By Dan Hebert, PE, Senior Technical Editor
THE MAINLAND Chinese worker will work for a bowl of rice, so it is impossible for you to compete, right? Eventually all of us will lose our jobs to onrushing hordes drawn from an inexhaustible supply of cheap Chinese labor, right?
Wrong on both counts. The threat from cheap Chinese labor is exaggerated by the popular press because, like sex and money, fear and paranoia sell. After all, what causes more anxiety than the possibility of losing your job?
Chinese and U.S. labor costs are converging, and increased automation reduces the labor content in each manufactured product. Add in the cheaper cost of land, utilities and basic business services in the U.S. relative to China and many other countries, and you can see why our manufacturing economy remains a world-class competitor.
"If tasks are across departments, or if it means working in a team or trying to relate to others, Chinese staff still have a long way to go."
High manufacturing sector productivity is one of the main reasons why the U.S. can maintain such a low rate of unemployment despite headlines that constantly scream about the dangers of globalization and outsourcing.
According to a recent issue of the international newsmagazine The Economist
, firms in southern China now complain that they cannot recruit enough skilled labor. As the economy grows and moves into higher value-added work, the challenge of attracting and retaining staff is rising as demand outstrips supply. The result is escalating costs for firms operating in China. “If you think that China is a cheap place for labor, think again,” says Vincent Gauthier of Hewitt Associates
, a human-resources consultancy.
Pay and benefits are soaring. A Chinese middle manager at a foreign company in Beijing or Shanghai now can command total annual cash compensation (salary plus bonus) of $27,000-$32,000, says Hewitt. Senior managers receive between $46,000 and $54,000 and top executives can expect $80,000 to $90,000 or more. These labor costs were calculated before the inevitable upward move in value of the Chinese Yuan, which will further raise the relative cost of Chinese labor.
Bonuses, longer-term incentives, free housing and meals, and a mobile phone are becoming standard perks. More than one-third of 1,600 multinational firms surveyed by Hewitt now offer a company car. More holidays, maternity/paternity leave, more-frequent job rotation, and share options now are compensation components. Add in the big contributions that employers must make to China's national security fund system, and the total cost of an employee can be double basic pay.
Lai Kam-tong at the Hong Kong Institute of Human Resource Management
says accountant salaries are rising 14% a year. Jürgen Viethen, general manager for F&G China Electric, a small Spanish-owned electrical switchgear-maker is, according to the Economist report, offering key employees raises of up to 50%—and still losing them.
Foreign firms now invest $1 billion weekly in China. As they expand, they increasingly need workers able to handle the complexities of multi-site operations. Staff shortages threaten these plans. In a recent speech, Arics Poon, managing director of Oracle for South China and Hong Kong, said, “we need a group of strong, professional managers or we may fail to support our growth in China.”

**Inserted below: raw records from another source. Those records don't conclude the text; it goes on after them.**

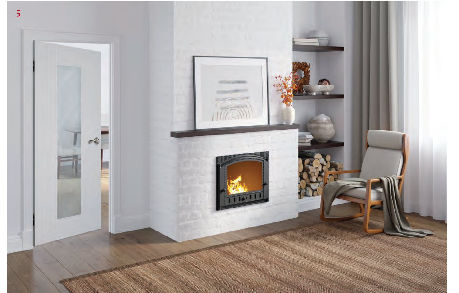
1. Torea 4 lite primed clear glass (groove detail); 2. Shaker 1 panel primed (available as fd30); 3. Shaker 4 panel primed; 4. Nema primed; 5. Colosseum 1 lite (clear glass). NEW.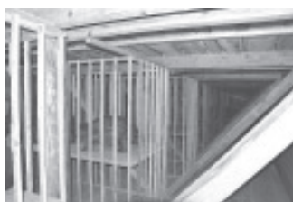
Life-size polyester elephants peek over rails (right), and there are other assorted animals scattered throughout the ark in cages (above). Huiber built the ark on a barge so that it can be moved by tugboat to various sites in Holland and eventually to other countries.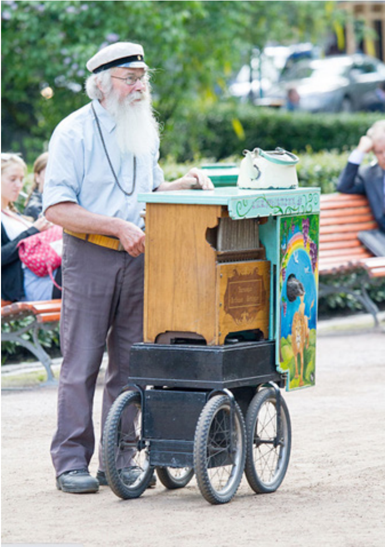
There are a few dozen barrel organ players in Finland.

Business plans for China rarely reflect the cost and time involved in recruiting and retaining local staff. Firms are finding that they cannot replace expensive expatriate staff with cheaper local hires (localization) as quickly as they hoped. Many underestimated the cost of local staff. Chinese graduates often have an inflated view of their own worth, complain some foreign managers. Multinationals also are competing for talent with China's domestic companies, which need to improve the quality of their people as their markets open to foreign rivals.

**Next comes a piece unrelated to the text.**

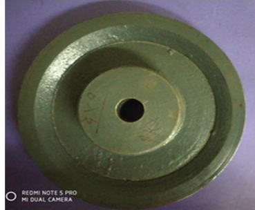
Fig No 6: Small Pulley

If a smaller pulley turns a larger one, the larger one will turn slower, but with more power available at the shaft. If a bigger pulley turns a smaller one, the smaller one will turn much faster than the bigger one but with less power available at the shaft. How does pulley size affect speed? By changing the diameter of the pulley wheels, speed can be changed. A smaller pulley turning a larger pulley results in the larger one moving more slowly but with more shaft power.

Recruitment, retention and localization of staff now is top of the agenda for firms in China. Paolo Gasparrini, head of China for L'Oréal, says, “to find good people in China is not easy. If the tasks are across departments, or if it means working in a team or trying to relate to others, Chinese staff still have a long way to go.”
None of this has slowed China's economic growth yet. Producing in mainland China remains cost-effective for many foreign firms. But the growing shortage of talent might make the growth assumptions in many business plans over-optimistic.
It’s a real struggle to compete with Chinese markets and, before we know it, new competitive problems will surface from the next under-developed-but-emerging third-world economy out there. But maybe things aren’t quite as dire as they seem in how we cope with it.